I'm trying to solve this system:
$\begin{cases}(1+y)(1+z) = 2\lambda x \\ (1+x)(1+z) = 2\lambda y \\ (1+x)(1+y)= 2\lambda z \\ x^2+y^2+z^2 - 1 = 0\end{cases}$
We can assume that $\lambda \neq 0$
How would you solve this? No matter in which direction I go it seems unpleasant.
On
We have $$ \left\{ \begin{array}{rcl} (1+x)(1+y)(1+z) &=&2\lambda x(1+x)\\ (1+x)(1+y)(1+z) &=&2\lambda y(1+y)\\ (1+x)(1+y)(1+z) &=&2\lambda z(1+z)\\ x^2+y^2+z^2&=&1 \end{array} \right. $$ Note in this case that if we switch as unknowns $x$, $y$ and $z$ with each other the system does not change. It is suggested that one of the solutions is $x=y=z$. Then $x^2+y^2+z^2=1$ and $x=y=z$ implies $3x^2=1$, $3y^2=1$, $3z^2=1$, that is, $x=\pm\frac{1}{\sqrt{3}}$, $y=\pm\frac{1}{\sqrt{3}}$ and $z=\pm\frac{1}{\sqrt{3}}$.

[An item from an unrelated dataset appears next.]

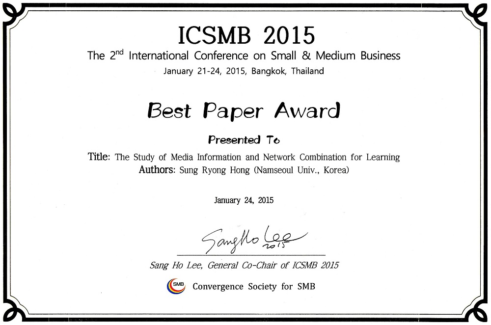논문편집위원장 홍성룡교수님(남서울대학교)께서 2015년 1월 태국 국제학술대회에서 우수 논문상을 시상하셨습니다.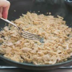 Sau đó cho cá ngừ hộp vào, dùng nĩa đè xuống, trải đều ra, cho muối vào cho vừa ăn, sau đó vặn nhỏ lửa xuống, tiếp tục đun cá ngừ, nếu thấy khô thì bạn cho 1 chén nước vào nhé.

Here are some thought, hope they help.
Subtract the second from the first, you get $$(1+z)(y-x)=2\lambda (x-y)$$
thus $$x=y \ \ \text{or} \ \ z=-2\lambda-1$$ similarly, $$x=z \ \ \text{or} \ \ y=-2\lambda-1$$ $$z=y \ \ \text{or} \ \ x=-2\lambda-1$$
This means that either $x=y=z$ or
$$x=y=-2\lambda-1\ \ \text{and} \ \ z=2 \lambda$$
Well, you can study those two cases.
In the first case you get $x=y=z=\pm \frac{1}{\sqrt{3}}$ in the second $\lambda=-\frac{1}{2}, -\frac{1}{6}$.